Creating Valve Tissue Using 3-D Bioprinting

Aortic valve disease (AVD) is a serious health condition that affects people of all ages. Congenital heart valve defects are especially dangerous for newborns and can be fatal if left untreated. The most recommended treatment for AVD is surgical replacement of the defective valve. Although prosthetic valve replacement is the standard procedure for adults, these prosthetic devices are inadequate for younger adults and growing children. Tissue engineering has the potential to address these limitations of nonliving prosthetics (as well as human donor supply shortages) by providing living tissues that can grow, remodel, and integrate with the patient.

A critical requirement for tissue-engineered heart valves is that the engineered valve must be able to mimic the physiological function of the native valve, including the natural geometry and performance of the valve root, cusps, and sinus wall, all of which are essential for healthy coronary blood flow. Tissue-engineered heart valves must also have the same intrinsic asymmetry as the root, which prevents cusp deterioration.

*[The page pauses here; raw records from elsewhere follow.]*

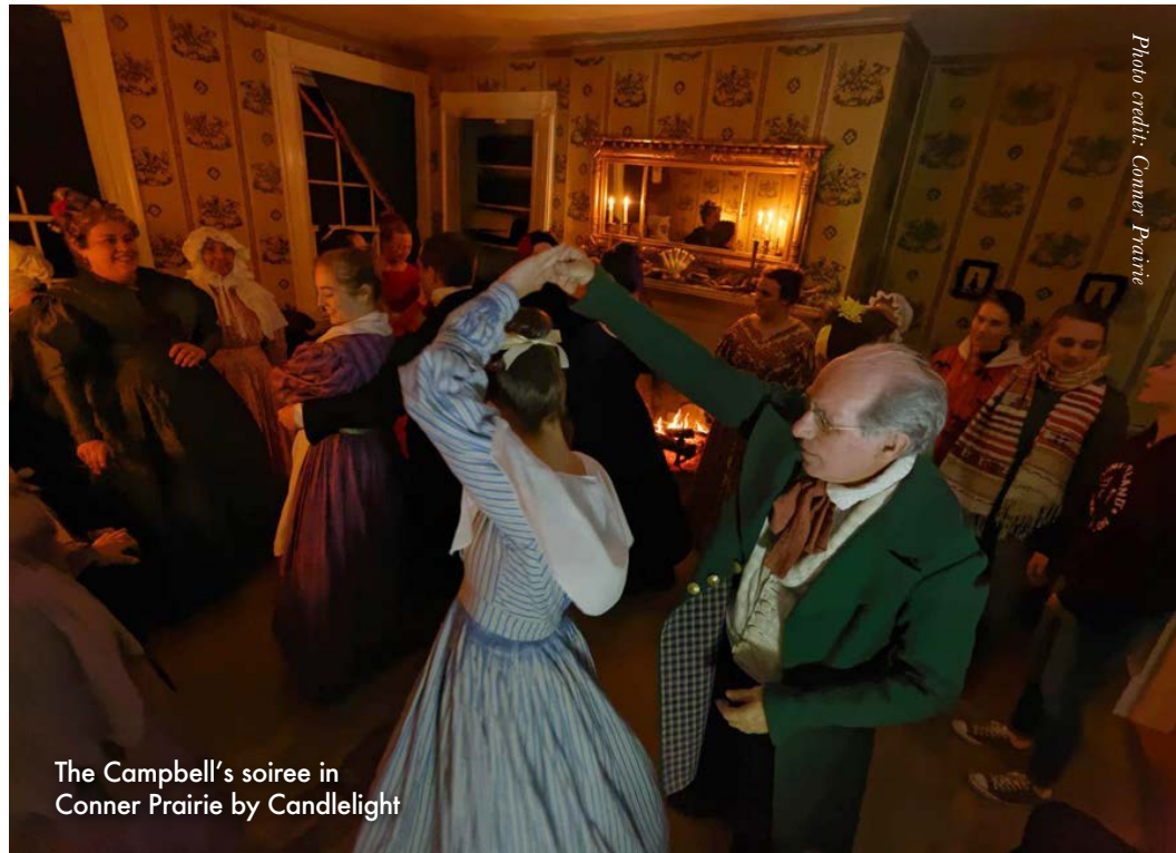
The Campbell's soiree in Conner Prairie by Candlelight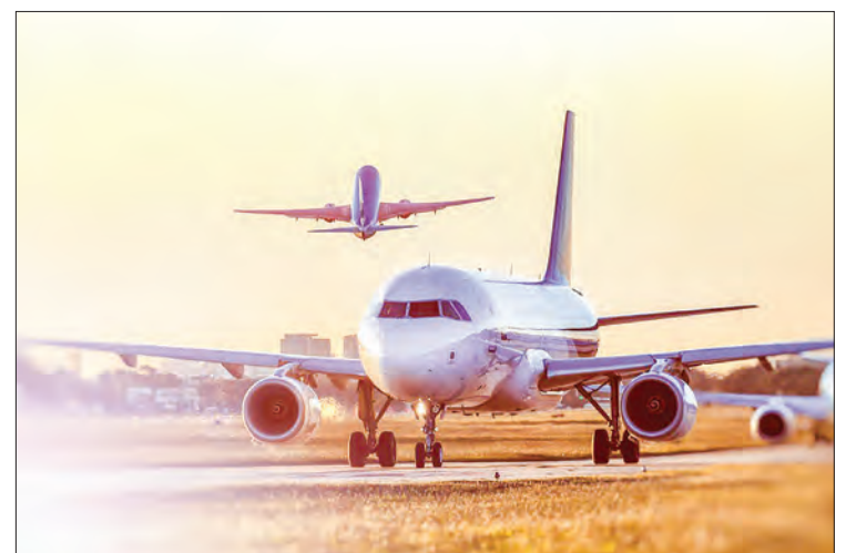
Representative image.

The criteria used to define the coloured zones - green, or-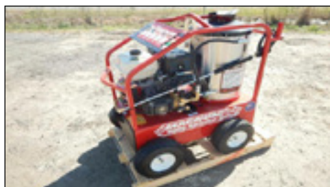
Easy Kleen Magnum GOLD Pressure Washer - choice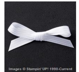
Whisper White 3/8"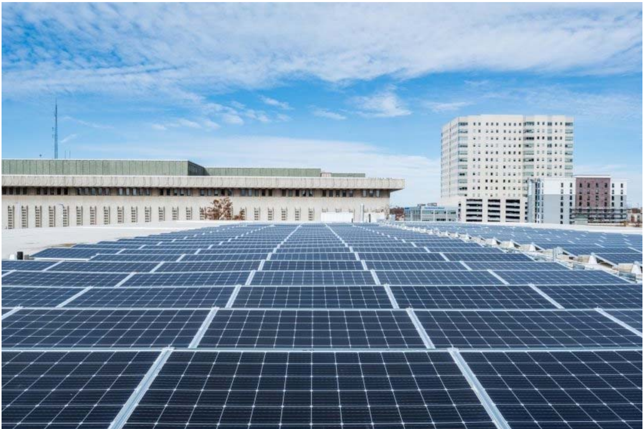
SOLAR PHOTOVOLTAIC SYTEM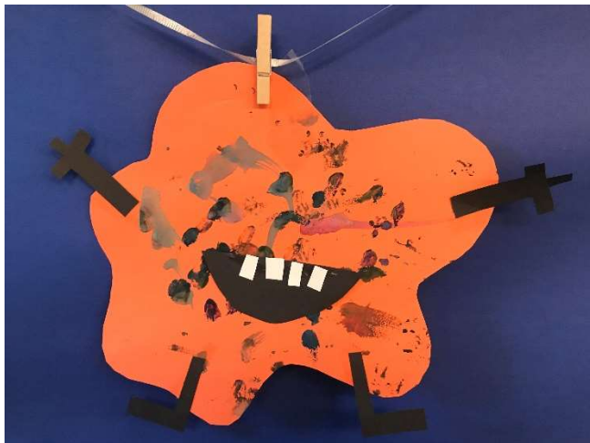
TreeTop Village-Edward Szostak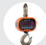
CRANE SCALES GPJ MODEL Pag. 73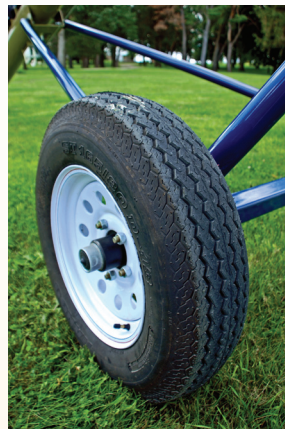
Deluxe rims with new 13" Highway rated tires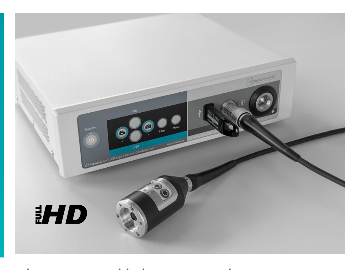
The camera and light source combination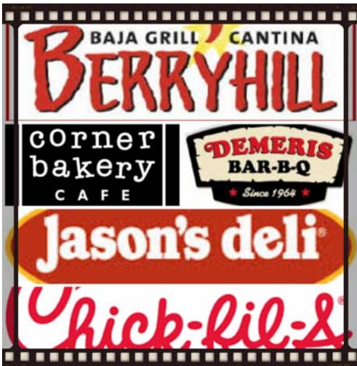
Big thanks to our generous food donors for our August/September Volunteer Facilitator Training program. Our new volunteers enjoyed your delicious contributions!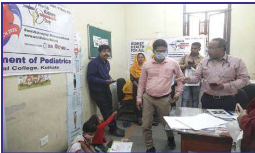
Medical College, Kolkata Public Awareness Program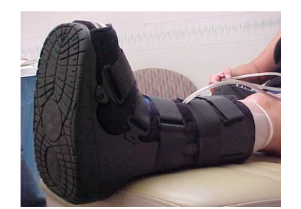
Figure 6. Felt, wrap and boot in place at week seven.

At week eight (Figure 7), NPWT was discontinued, as the wound depth had filled in with granulation tissue. The wound bed was now well prepared, and Apligraf<sup>®</sup> (Organogenesis, Canton, MA, USA), a bi-layered living skin equivalent, was applied and held in place with adhesive strips. This was covered with a non-stick contact layer of Mepitel<sup>®</sup> (Molnlycke Health Care, Norcross, GA, USA). Felt padding was again applied to the plantar surface. Silver hydrofiber and dry gauze were applied to the wound over the cut out portion of the felt. The three-layer wrap and offloading boot were reapplied. The patient returned to the clinic for weekly dressing changes.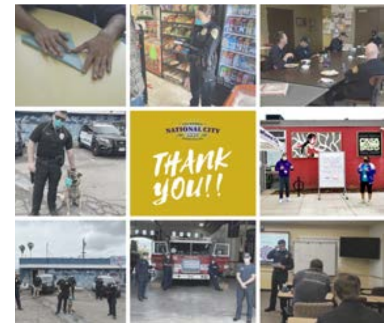
Thanks to all our first responders and essential staff.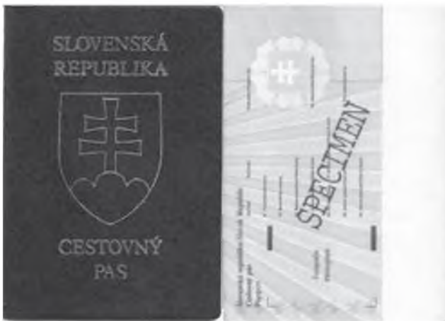
Fig. no. 5 - Passport SR (1994)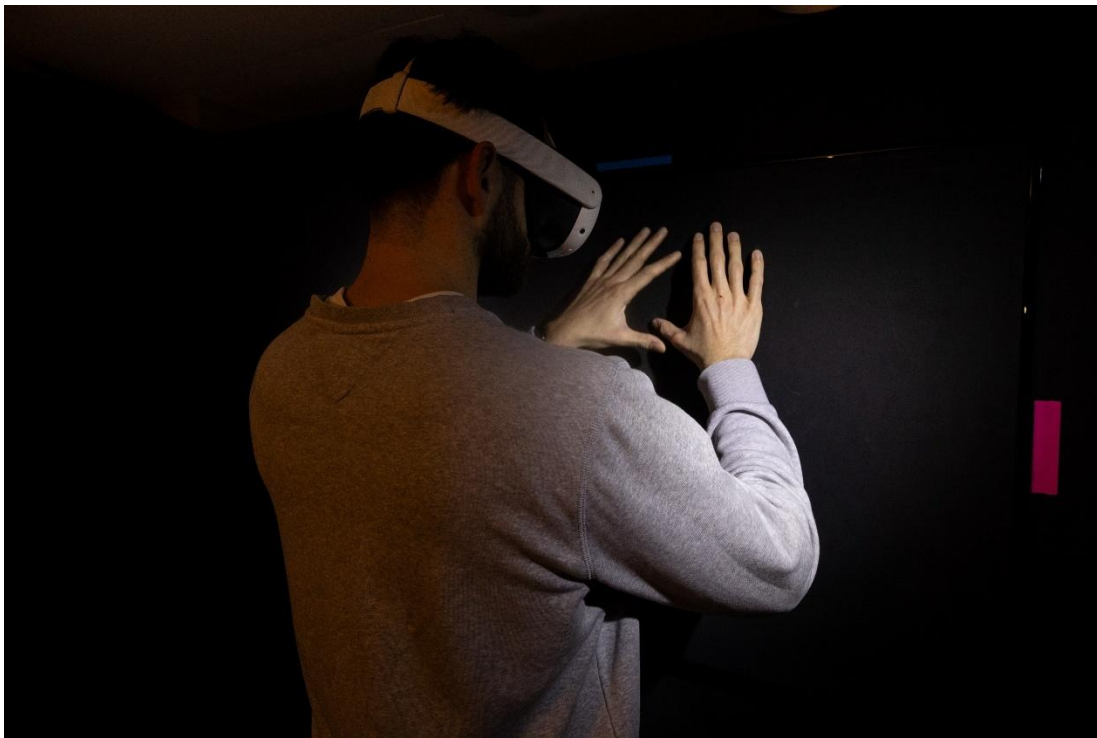
Image 5 Solastalgia XR by Collective Continuum ONX/ AIR OPEN DAYS

A popular technique in the advanced manufacturing world, 3-D printing, has been modified to create precise, 3-D structures from living tissue. This 3-D "bioprinting" technology has been used by researchers at Cornell University to fabricate living heart valves that possess the same anatomical architecture as the original valve. This research is described in a paper by Jonathan T. Butcher, associate professor of biomedical engineering at Cornell University, and others entitled "Bioprinting of Heterogeneous Aortic Valve Conduits with Alginate/Gelatin Hydrogels" and published last year in the Journal Biomedical Materials Research.

3-D Construction

Bioprinting produces three-dimensional biological objects or parts that are highly precise in shape and mechanical complexity. Using a computer-assisted design (CAD) and/or computer-assisted manufacturing (CAM) blueprints, the bioprinter deposits ultra-thin layers of living cells upon each other, following a precise geometric pattern that matches the heart valve dimensions, building the part vertically as the layers accumulate. Over a period of hours the final tissue construct is completed.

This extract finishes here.